Secondhand Laptop Market Goes 'Mainstream' Amid Memory Crunch
2 24Sales of refurbished PCs are on the up amid shortages of key components, including memory chips, that are making brand new devices more expensive. From a report: Stats compiled by market watcher Context show sales of refurbished PCs via distribution climbed 7 percent in calendar Q4 across five of the biggest European markets -- Italy, the UK, Germany, Spain, and France.
Affordability is the primary driver in the secondhand segment, the analyst says, with around 40 percent of sales driven by budget-conscious users shopping in the $235 to $355 price band for laptops. The $355 to $475 tier is also expanding -- representing 23 percent of the refurbished market, up from 15 percent a year earlier -- indicating some buyers are prepared to spend a bit more for improved specifications.
2 comments
Mainstream, huh? (Score: 5, Interesting)
by dwywit ( 1109409 ) on Tuesday February 17, 2026 @01:12AM (#65993604)

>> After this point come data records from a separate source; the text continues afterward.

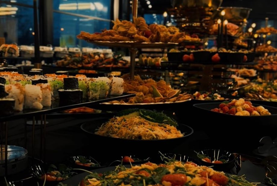 Die Optik des Saals ist großartig, die Tische sind wunderschön gestaltet und die Bühne ist perfekt positioniert. Die Mahlzeiten sind köstlich und sättigend, es wird unbegrenzter Service angeboten, der Dessertbereich am offenen Buffet ist sehr reichhaltig und sieht optisch wunderbar aus. Das Essen und die Desserts, die wir gegessen haben, waren wirklich sehr lecker, die saubere und hygienische Umgebung, das moderne Erscheinungsbild, ich kann es jedem empfehlen.Die Optik des Saals ist großartig, die Tische sind wunderschön gestaltet und die Bühne ist perfekt positioniert. Die Mahlzeiten sind köstlich und sättigend, es wird unbegrenzter Service angeboten, der Dessertbereich am offenen Buffet ist sehr reichhaltig und sieht optisch wunderbar aus. Das Essen und die Desserts, die wir gegessen haben, waren wirklich sehr lecker, die saubere und hygienische Umgebung, das moderne Erscheinungsbild, ich kann es jedem empfehlen.
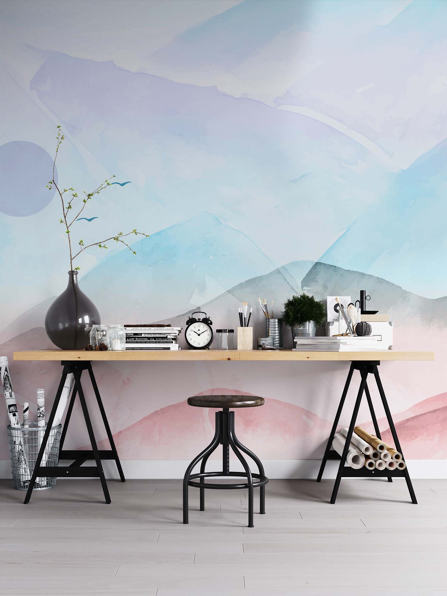 U ontvangt een staal van 15 × 20 cm op Variovlies behang, met dezelfde print en structuur als het uiteindelijke product. Zo kunt u thuis rustig beoordelen of het ontwerp goed past.
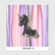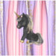 Cute black magical watercolor unicorn with pastel pink ears and ombre gold and black mane and tail set on a fantasy curtain of purple and pink shades of color with gold accents. A colorful and unique addition to a unicorn party.

I haven't bought a new laptop in years. There's a company in Australia (and many other countries I assume) who acquire ex-govt and ex-lease laptops. Business-grade laptops.

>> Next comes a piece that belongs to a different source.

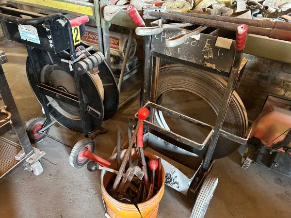 (1) Signode model df-15 dispenser (1) U-Line STRAPPING CART High Tension Steel Strapping Banding Tool Crimper Band Strap Clip. More pics coming soon.
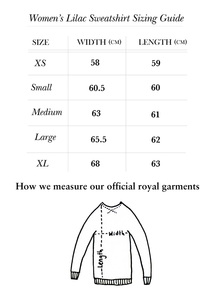 100% cotton handprinted sweatshirt with recycled poly fleece lining (320 GSM) with drop shoulder and neck and sleeve cuff ribbing. Produced under ethical working conditions and printed using environmentally friendly, organic inks.

They get a new SSD and a bloat-free copy of windows, a 12-month warranty (excludes battery), and free shipping, for about 1/3 the price of a new machine. Currently typing this on a Lenovo i7-8550 with 12GB memory, a 240GB NVMe and a 500GB SSD in the spare slot. It'll do me for another couple of years.

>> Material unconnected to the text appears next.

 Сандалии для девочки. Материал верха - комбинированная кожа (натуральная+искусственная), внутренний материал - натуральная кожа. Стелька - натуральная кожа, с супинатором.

You can keep windows or install your choice of distro. My "other" laptop has similar specs and runs Debian Trixie.
I hate seeing perfectly usable hardware go to waste, so every time I visit a pensioner with some creaking, wheezing old desktop, I point them to a "new" second-hand laptop.
Can't wait (Score: 5, Interesting)
by TTL0 ( 546351 ) on Tuesday February 17, 2026 @05:00AM (#65993734)
I have a feeling that the next Slashdot story will be about the amount of personal information and private pictures being recovered from secondhand laptops whose owners thought the HD was wiped.